Изменить стиль страницы

Нунке мечется по комнате, словно зверь в клетке. Впервые он настолько растерян, что не знает, как быть. Задел стол, и теперь оттуда ему кивает китайский мандаринчик, подаренный Шульцем в день рождения. Кивает, словно утверждая правдивость изложенного в письме. Будто молчаливым согласием поддерживает Берту и детей. Нунке отводит глаза от мандаринчика, взгляд его упирается в потускневшие рамы: по одну сторону портрет отца, по другую — матери.

«Как странно тогда одевались», — неожиданно думает Нунке, вглядываясь в пожелтевшие фотографии. И вдруг ему вспомнились годы детства. Он инстинктивно ищет утешения у матери. Ее ласковая прохладная ладонь ложится ему на разгоряченный лоб… Шелковистые волосы щекочут щеку, когда мать склоняется над ним… Странная привычка — задумавшись, мять мочку уха… Где-то совсем недавно он видел этот знакомый с детства жест, только где, когда?.. Да ведь этот жест унаследовал от бабушки Ганс. Запрограммированный в генах, он возродился в его сыне. А может, Ганс не только это унаследовал от бабушки? Ведь она тоже становилась упрямой, когда ее задевали за живое. Все фон Кронне были воинами и завоевателями, голос крови не может не проснуться в Гансе. Ведь ради таких, как он, и был устранен Лютц.

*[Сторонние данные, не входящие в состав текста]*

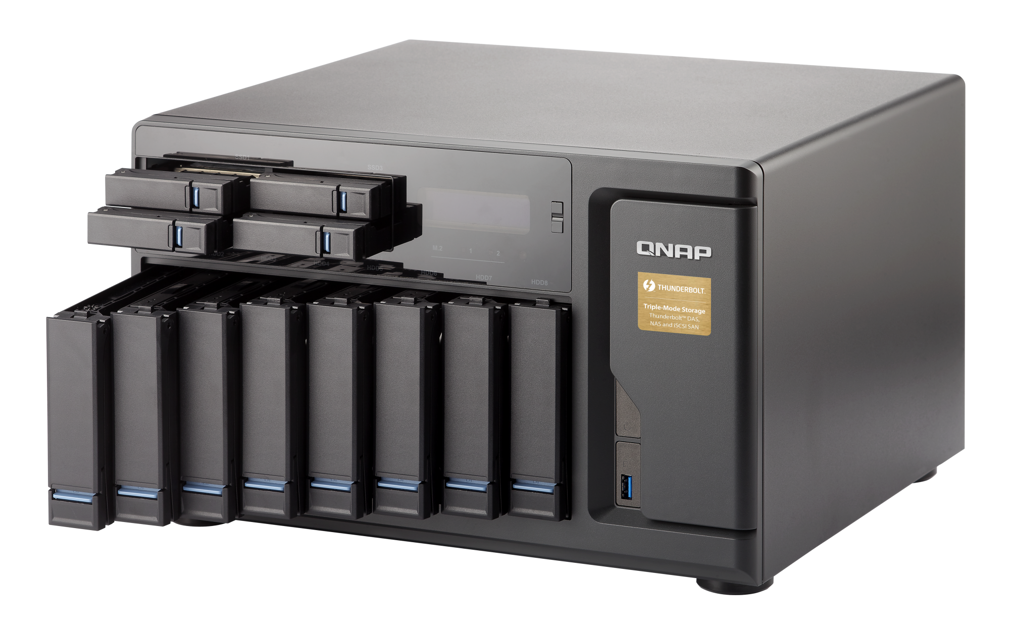 M.2 SSD 操作可能会产生过多热量。建议在 M.2 SSD 上安装散热片(来自 QNAP 或第三方提供)。SSD 缓存加速支持 SSD 插槽 1、2、3、4 GPU 直通 以太网端口(RJ45) 4 10 G以太网端口 2 x 10GBASE-T 网络唤醒(WOL) 巨帧 Thunderbolt 端口 2 x Thunderbolt ™ 2 高速端口 仅支持 Thunderbolt 连接用于Windows和Mac主机及USB存储设备。不支持第三方 Thunderbolt 外部存储设备。PCIe 插槽 3

Мать Ганса не была урожденной фон Кронне, в ее семье нет потомственных военных, и сама она, ласковая, нежная, пыталась научить сына доброте… Неужели ее гены оказались у Ганса сильнее, чем гены фон Кронне, и Лютц сумел сыграть на этом?

Голова трещит, тело словно заковано в ледяной панцирь. Не в состоянии больше терпеть одиночество, Нунке подходит к телефону. Надо срочно позвонить Фреду. Ведь он вчера вернулся из Гамбурга и, возможно, заходил к родителям Берты.

И вдруг ужасное подозрение обожгло Нунке: а что, если Фред, единственный из оставшихся в живых, кто знал правду о Лютце, рассказал об этом Берте? Надо было только намекнуть ей — и она бы обо всем догадалась. Нет, этого не может быть. Фред теперь единственный близкий ему человек, которому он доверяет больше, чем другим, на которого может положиться.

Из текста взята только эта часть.